EXERCISE INSTRUCTIONS |
Begin at the first line of the records below and, please, give each line again exactly until the line with "Serve the black" is included.

MATERIAL FOR THIS EXERCISE |
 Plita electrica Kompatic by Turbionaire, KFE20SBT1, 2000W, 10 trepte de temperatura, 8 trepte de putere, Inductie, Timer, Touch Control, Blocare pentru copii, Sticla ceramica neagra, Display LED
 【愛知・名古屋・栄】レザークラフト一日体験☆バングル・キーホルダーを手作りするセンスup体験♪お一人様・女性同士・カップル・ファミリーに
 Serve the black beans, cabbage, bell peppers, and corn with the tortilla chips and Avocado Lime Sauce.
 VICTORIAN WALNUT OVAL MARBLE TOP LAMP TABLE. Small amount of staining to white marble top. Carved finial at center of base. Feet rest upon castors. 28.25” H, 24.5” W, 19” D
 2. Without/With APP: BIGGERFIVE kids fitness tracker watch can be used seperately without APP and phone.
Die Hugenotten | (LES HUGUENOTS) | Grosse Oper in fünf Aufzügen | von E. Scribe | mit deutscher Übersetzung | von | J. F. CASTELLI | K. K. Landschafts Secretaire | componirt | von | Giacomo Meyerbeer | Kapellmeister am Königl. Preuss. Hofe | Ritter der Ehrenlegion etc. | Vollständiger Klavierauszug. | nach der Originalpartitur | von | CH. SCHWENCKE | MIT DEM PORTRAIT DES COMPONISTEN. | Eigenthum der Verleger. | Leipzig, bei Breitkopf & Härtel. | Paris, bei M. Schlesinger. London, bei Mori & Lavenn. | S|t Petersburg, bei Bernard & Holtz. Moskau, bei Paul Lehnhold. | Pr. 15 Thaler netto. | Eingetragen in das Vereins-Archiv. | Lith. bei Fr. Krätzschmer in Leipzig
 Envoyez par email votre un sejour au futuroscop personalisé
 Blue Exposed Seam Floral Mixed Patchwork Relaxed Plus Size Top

SOLUTION TO THE EXERCISE |
 Plita electrica Kompatic by Turbionaire, KFE20SBT1, 2000W, 10 trepte de temperatura, 8 trepte de putere, Inductie, Timer, Touch Control, Blocare pentru copii, Sticla ceramica neagra, Display LED
 【愛知・名古屋・栄】レザークラフト一日体験☆バングル・キーホルダーを手作りするセンスup体験♪お一人様・女性同士・カップル・ファミリーに
 Serve the black beans, cabbage, bell peppers, and corn with the tortilla chips and Avocado Lime Sauce.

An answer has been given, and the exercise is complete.